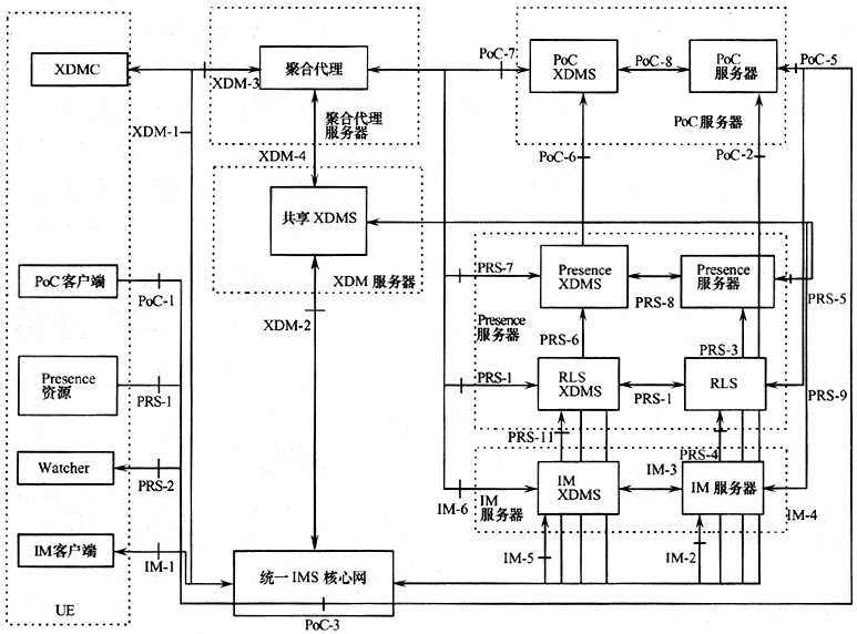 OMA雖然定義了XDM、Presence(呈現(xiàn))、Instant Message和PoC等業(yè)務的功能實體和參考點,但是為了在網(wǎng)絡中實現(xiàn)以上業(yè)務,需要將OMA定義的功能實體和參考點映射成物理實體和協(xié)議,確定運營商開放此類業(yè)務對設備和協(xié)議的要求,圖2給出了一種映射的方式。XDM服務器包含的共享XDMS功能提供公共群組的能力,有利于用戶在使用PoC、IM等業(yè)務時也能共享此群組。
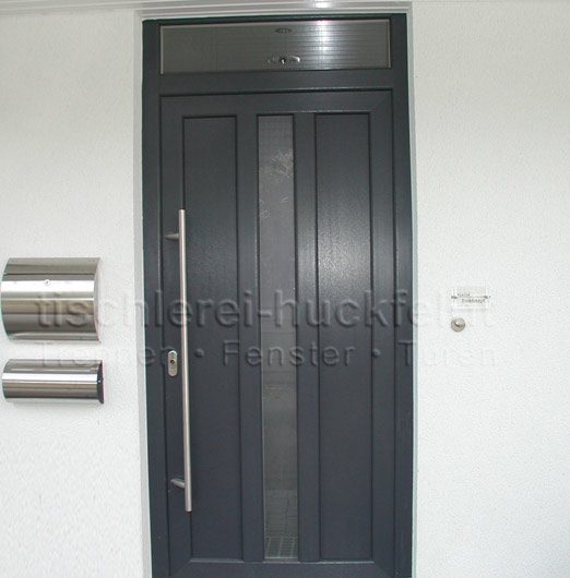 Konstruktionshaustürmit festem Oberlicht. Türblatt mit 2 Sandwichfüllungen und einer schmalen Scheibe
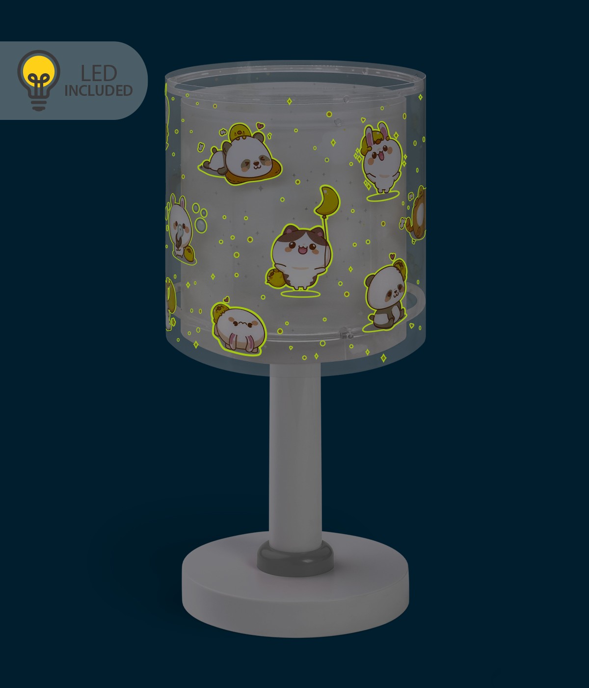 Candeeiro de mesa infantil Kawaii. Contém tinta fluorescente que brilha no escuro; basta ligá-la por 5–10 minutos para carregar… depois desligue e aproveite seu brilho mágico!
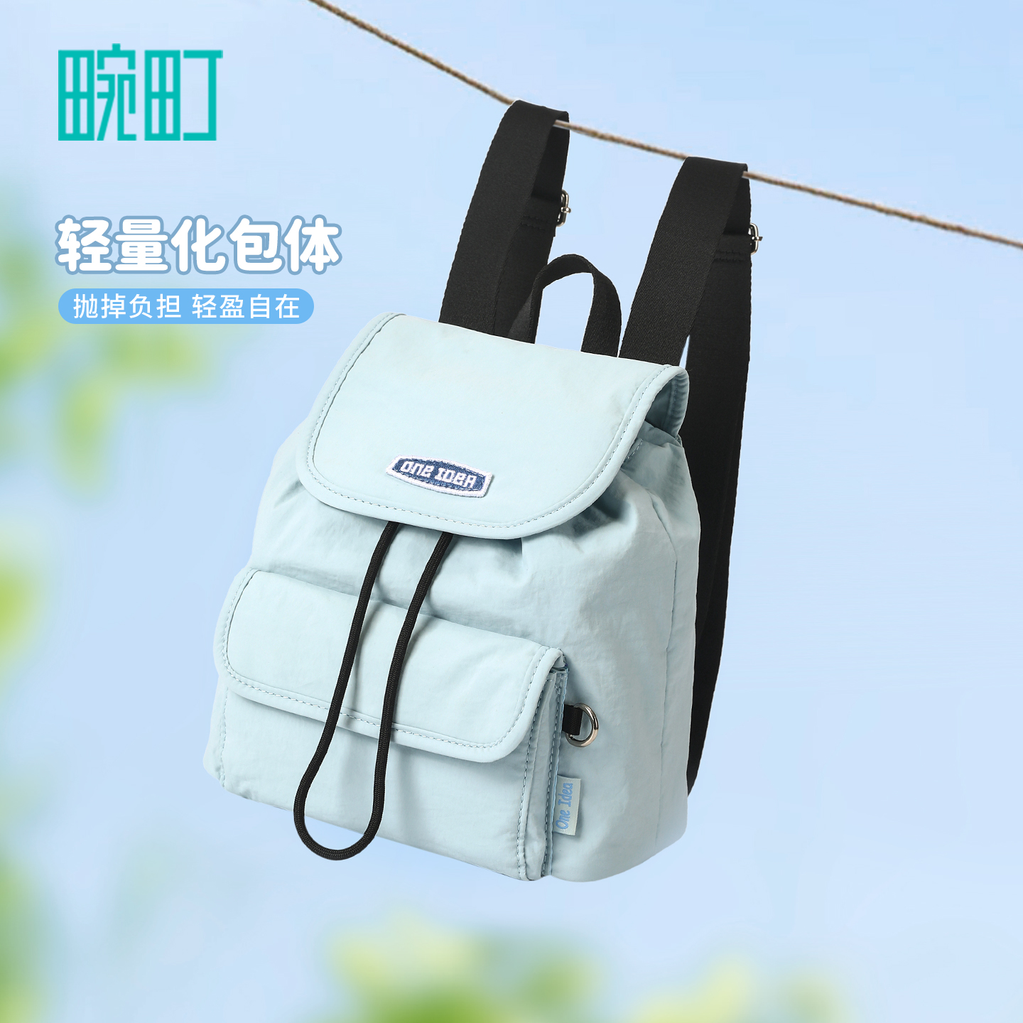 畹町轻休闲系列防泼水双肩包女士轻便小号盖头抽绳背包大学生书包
---
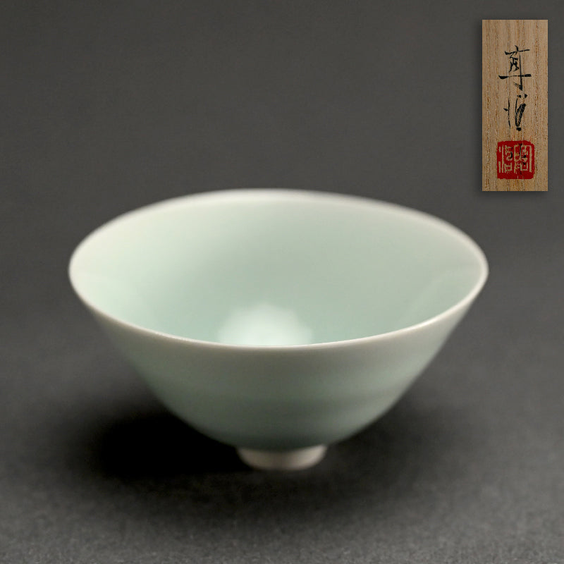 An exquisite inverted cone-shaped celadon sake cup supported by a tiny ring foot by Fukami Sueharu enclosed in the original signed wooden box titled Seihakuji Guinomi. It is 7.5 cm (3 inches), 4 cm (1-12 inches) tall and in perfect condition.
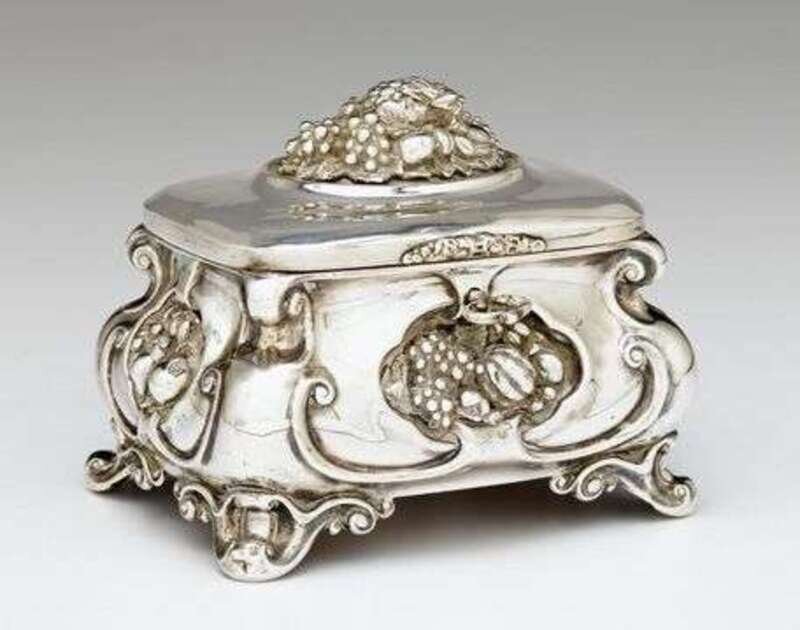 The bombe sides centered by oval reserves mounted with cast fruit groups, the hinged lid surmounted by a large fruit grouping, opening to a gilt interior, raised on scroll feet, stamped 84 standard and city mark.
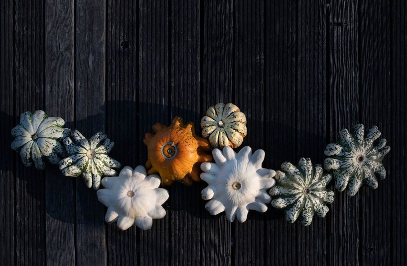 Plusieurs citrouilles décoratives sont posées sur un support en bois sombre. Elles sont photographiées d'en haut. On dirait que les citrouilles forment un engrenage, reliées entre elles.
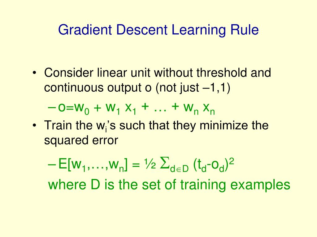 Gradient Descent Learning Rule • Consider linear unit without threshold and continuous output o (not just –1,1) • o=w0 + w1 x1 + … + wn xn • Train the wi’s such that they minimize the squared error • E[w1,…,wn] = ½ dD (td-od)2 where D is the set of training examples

Aim of the task: All lines above starting at the one with "An exquisite inverted" and ending at the one with "The bombe sides", inclusive, are to be printed again exactly, with the pictures left out.

Task solution:
 An exquisite inverted cone-shaped celadon sake cup supported by a tiny ring foot by Fukami Sueharu enclosed in the original signed wooden box titled Seihakuji Guinomi. It is 7.5 cm (3 inches), 4 cm (1-12 inches) tall and in perfect condition.
 The bombe sides centered by oval reserves mounted with cast fruit groups, the hinged lid surmounted by a large fruit grouping, opening to a gilt interior, raised on scroll feet, stamped 84 standard and city mark.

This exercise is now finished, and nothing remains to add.